Electrochemiluminescence Sensor based on Electrospun Crosslinked Carbon Nanofibers for the Detection of Difenidol Hydrochloride

Abstract

Background: Cross-linked porous carbon nanofibers (CNF) was successfully prepared by electrospinning and high-temperature carbonization. Polyacrylonitrile (PAN) as the carbon source and Genipin as the cross-linking agent were used to prepare Cross-linked porous carbon nanofibers (CNF). Method and Material: The field emission Scanning Electron Microscopy (SEM), Transmission Electron Microscope (TEM), Automatic Specific Surface and Porosity Analyzer Brunner Emmet Teller (BET), X-ray Diffraction (XRD), A laser confocal microspectroscope (Raman, XploRA PLUS, Horiba) were used to characterize materials. The CNF suspension was dropped on the surface of the bare glassy carbon electrode by the drip coating method to obtain a CNF modified electrode.

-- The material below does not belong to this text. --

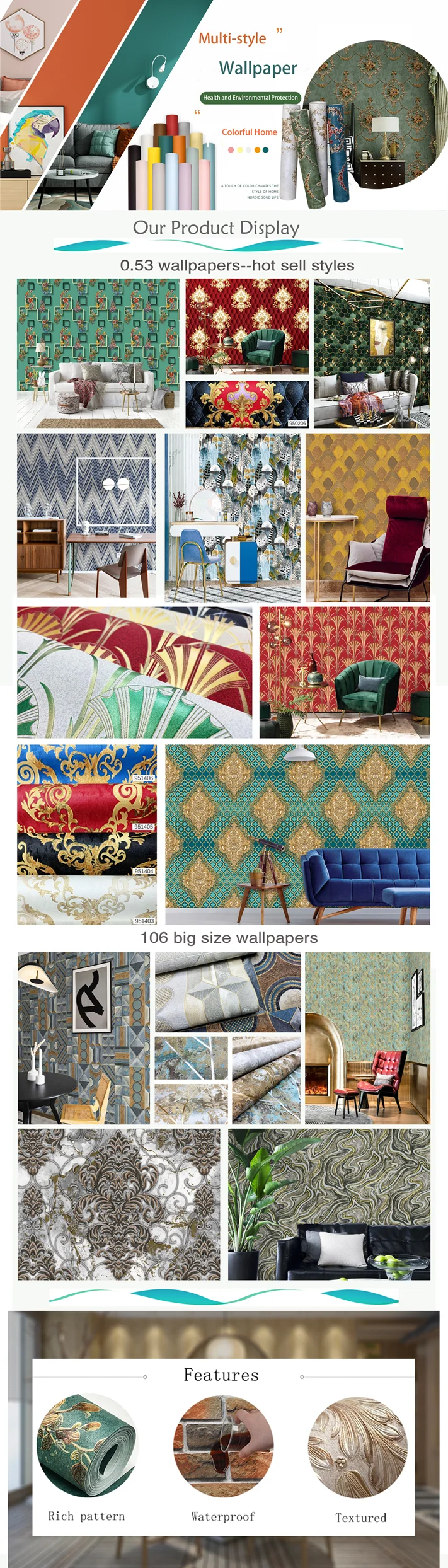 2) We keep 80 % stock lot new design wallpaper, which enable us to delivery goods in time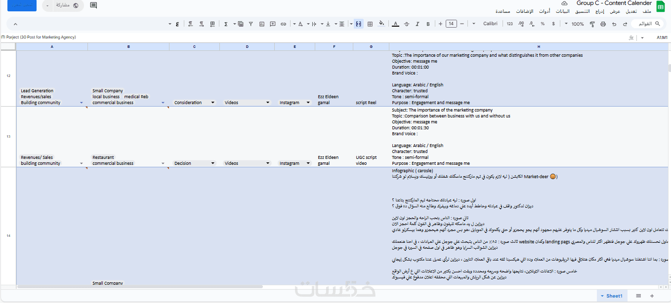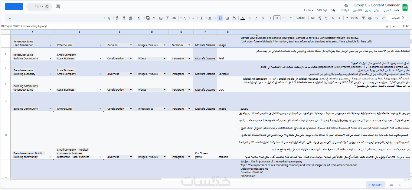 عمل خطة محتوي كامله علي منصات التواصل الاجتماعي لمده شهر

Cyclic voltammetry was used to study the electrochemiluminescence behavior of difenidol hydrochloride on CNF modified glassy carbon electrode (Glassy Carbon Electrode, GCE). Results and Discussion: Herein, we synthesised a kind of Crosslinked Carbon Nanofibers and designed a novel ECL biosensor, Under the optimal conditions, the concentration of difenidol hydrochloride has a linear relationship with the peak current in the range of 8.0×10-8 to 1.0×10-4mol/L, the correlation coefficient is R2=0.997, with a low detection limit (1.2×10- 8 mol/L). Difenidol hydrochloride in difenidol hydrochloride tablets was tested, and the recovery rate of sample addition was 83.17%-92.17%, and the RSD was <5.0%. The designed platform exhibited excellent analytical performance towards difenidol hydrochloride determination.